Gays and lesbians in Hawaii have been energized by the marriage effort, says Ramsey. But for a cause with far-reaching national implications, HERMP’s fund-raising efforts on the mainland have met with spotty success at best. Foley is still owed some $50,000 in legal fees. The financial shortfall grates on local activists, who are convinced that a relatively modest investment could produce big results.
“My sense is that it should be a high priority for mainland organizations,” says Ramsey. “It would carry from one state to another. To us, it’s been frustrating not to somehow get the message over.”
Ramsey, Foley, and others criticize national gay groups, particularly the Human Rights Campaign—whose executive director, Elizabeth Birch, once lived in Hawaii—for using the marriage issue to raise money for themselves without passing any along to HERMP. But Kim Mills, a spokeswoman for the HRC, says that such criticism is misplaced. “The fact is that we are primarily a federal lobby,” she says. “We have provided information and assistance to people in Hawaii. We have spent money on this issue.”
When—not if, as Foley insists—same-sex marriage becomes the law in Hawaii, people are bracing for an influx of gay and lesbian couples looking to get hitched. But unlike their Hawaiian peers, who have had years to consider the issue, many mainland gays and lesbians may not understand exactly what marriage would entail.
“When I talk to the well-to-do Hollywood types, they don’t think they need it,” Foley marvels. “They think they have all the legal arrangements they need. They don’t understand that if the breadwinner is hit by a truck, you can’t sue.”
Many gay men and lesbians also have not considered that marriage is the ultimate coming-out statement. “The first thing you have to do before even thinking about getting married is come out,” says Rodrigues.
Because the idea of same-sex marriage is still so new for many mainland gay and lesbian couples, it is impossible to predict how they will avail themselves of the opportunity once they have it. Foley, for one, believes that some couples will choose romance over activism, privately getting married in the islands and then not making much of their union publicly once they return to the mainland. (No one in Hawaii believes that same-sex marriage will lead to the permanent relocation of a large number of gays from the mainland.)

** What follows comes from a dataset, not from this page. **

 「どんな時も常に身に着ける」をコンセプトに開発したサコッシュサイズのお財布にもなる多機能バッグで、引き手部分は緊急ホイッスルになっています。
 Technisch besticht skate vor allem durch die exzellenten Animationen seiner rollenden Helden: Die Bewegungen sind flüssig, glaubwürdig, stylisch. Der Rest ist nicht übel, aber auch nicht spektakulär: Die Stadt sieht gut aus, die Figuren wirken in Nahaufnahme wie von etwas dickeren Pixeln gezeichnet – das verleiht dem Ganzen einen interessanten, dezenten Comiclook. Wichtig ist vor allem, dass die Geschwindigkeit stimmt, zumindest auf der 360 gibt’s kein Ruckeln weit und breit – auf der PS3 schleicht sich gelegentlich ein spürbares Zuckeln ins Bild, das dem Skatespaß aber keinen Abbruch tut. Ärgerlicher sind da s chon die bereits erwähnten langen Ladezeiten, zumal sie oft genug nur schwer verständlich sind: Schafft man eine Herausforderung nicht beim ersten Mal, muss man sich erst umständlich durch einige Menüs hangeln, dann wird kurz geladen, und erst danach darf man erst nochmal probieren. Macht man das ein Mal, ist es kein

Among the first to tie the knot, of course, will be the plaintiffs. “We feel we’ve waited all our lives for this,” says Melillo. “Every year is a hardship.” He and Lagon, both of whom are ministers, have talked about Melillo’s performing the ceremony himself. “We have family expecting a fabulous ceremony,” Melillo says. “We’d be neglectful if we didn’t have one.”
Baehr and Dancel plan a private wedding on a mountain slope in Maui, away from the glare of the media. “We may have found ourselves doing our best to live up to our surprise responsibility as role models,” says Baehr. “But on our wedding day it’s not about public education. It’s about our commitment to each other, and that’s private and personal.”

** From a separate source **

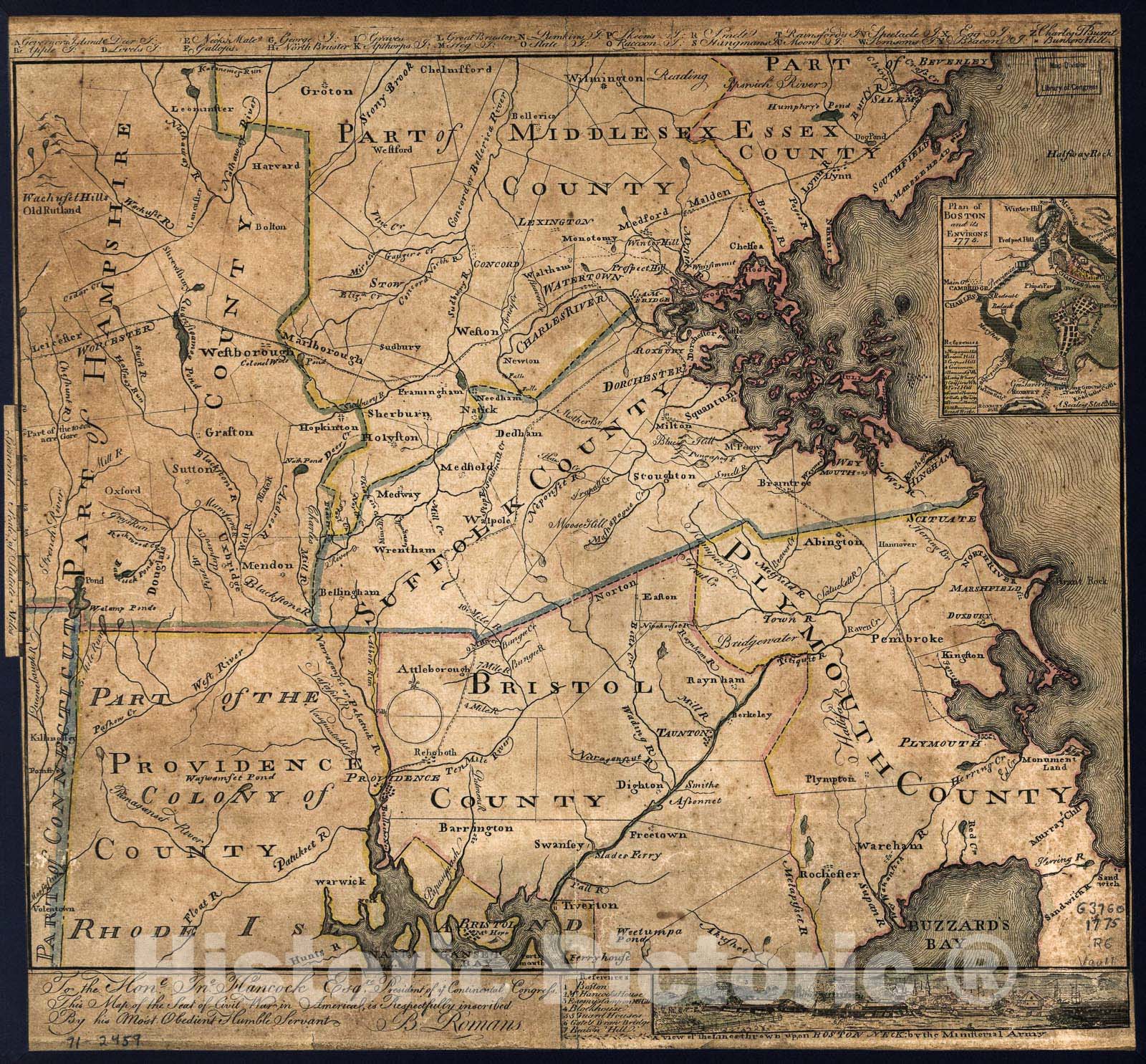 Historic 1775 Map - to The Hone. Jno. Hancock, Esqre. President of ye Continental Congress, This map of The seat of Civil war in America

Sitting on their patio in Waianae on Oahu with their daughter, her boyfriend, and their 7-month-old grandson, Pregil and Rodrigues talk about the case every night. They keep a running conversation of their plans.
“I wanted to get married on Christmas Day,” says Pregil.
“But we have our grandson’s party coming up, so we’ll have to do that first,” Rodrigues explains.
“She wants it fabulous,” adds Pregil. “I want it simple.”
“I guess I’m old-fashioned,” Rodrigues concludes. “You do it once and one time only. For me, once I’m married, even if there are hard times, I’m not getting a divorce. I’ll do whatever I have to to make it work. I don’t fight for something just to let it go.”